Dom’s hope of finding Brett alive disappeared like a grain of sand tossed into the ocean.

This was the beast that had fallen with Brett, and now it was hungry for its second course.

-8-

––––––––

F
ueled by anger, Dom sprinted at the beast. Three quick squeezes of his trigger sent bullets at Brett’s killer. Each of the rounds thumped into its body, but the creature didn’t slow.

“What the fuck?” Miguel said. He, too, fired off a salvo at the creature. But still the beast ran full tilt at Dom.

Cleaver-like skeletal plates cut through its skin at the joints, scraping against the creature’s body as it let out another howl and leapt.

A smatter of bullets left Dom’s rifle, peppering the beast. Dom was close enough now to see the rounds splinter and fracture the bone-like body armor. Yet not a single bullet appeared to penetrate the growths. The beast flew through the air, raking its claws before him. Dom brought his rifle up to aim for its face, but the beast caught his gun and sent the SCAR clattering across the deck.

Dom sidestepped the monster and barely dodged its talons. He didn’t want the thing to tear a single hole in his suit, lest he catch whatever vile contaminants this rig might be harboring.

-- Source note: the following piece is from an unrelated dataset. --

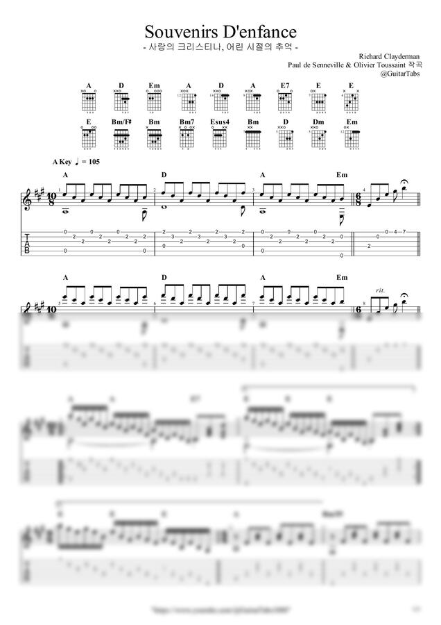 A Key / 3p / 1단(솔로) / 5선(Staff) / 타브(TAB) / 코드(Chords)
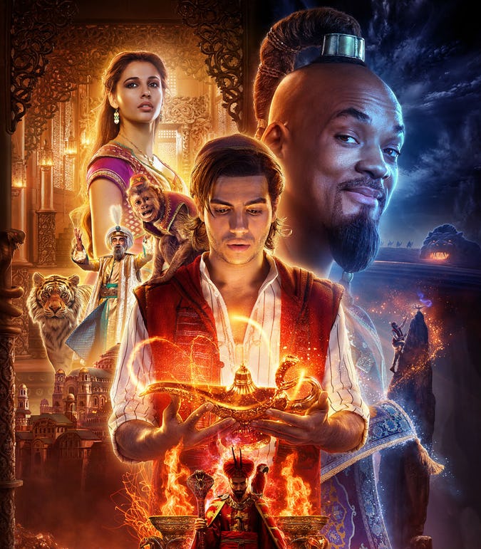 Không phải tất cả mọi chuyện xảy ra đều giống nhau, một cách tự nhiên. Ở phiên bản này, Thần Đèn đã có một chuyện tình với con người - cô hầu gái của công chúa Jasmine (Nasim Pedrad), người mà anh ta theo đuổi trong khi Aladdin và Jasmine đang chơi đùa cùng tấm thảm ma thuật của họ. Nhân vật phản diện Jafar (Marwen Kenzari) được phác họa như một hình ảnh phản chiếu xoắn của Aladdin, anh đã từng là một con chuột đường phố. (Phiên bản này của Jafar phần lớn không hài hước và không có cá tính, nhưng sự lựa chọn biến anh ta thành một con chuột đường phố trong quá khứ là một trong những ý tưởng hấp dẫn của bộ phim.) Và bây giờ Jasmine có tham vọng trở thành Quốc vương tiếp theo, không chỉ kết hôn cho tình yêu.

The creature bounded at him again—upright, like a human.

Like a human
. Dom juked to the left and avoided the second charge. At the same time he slipped a knife from the sheath holstered around his biohazard suit. He was too close to the beast for his Hunters to take a clean shot. He tried to back away, but it followed his moves.

The creature jumped. This time Dom couldn’t dodge the attack. He caught one of the creature’s wrists with his free hand and twisted his head to avoid the beast’s other claw as he fell backward under its weight. The skeletal growths covered the thing, marring its flesh, and only its face remained uncovered by the strange mutations. This might be Dom’s one chance. Spittle flew from the creature’s chomping teeth as it tried to bite him. Dom plunged his knife into one of its red eyes and twisted it deeper. The thing shrieked but kept swinging its free hand.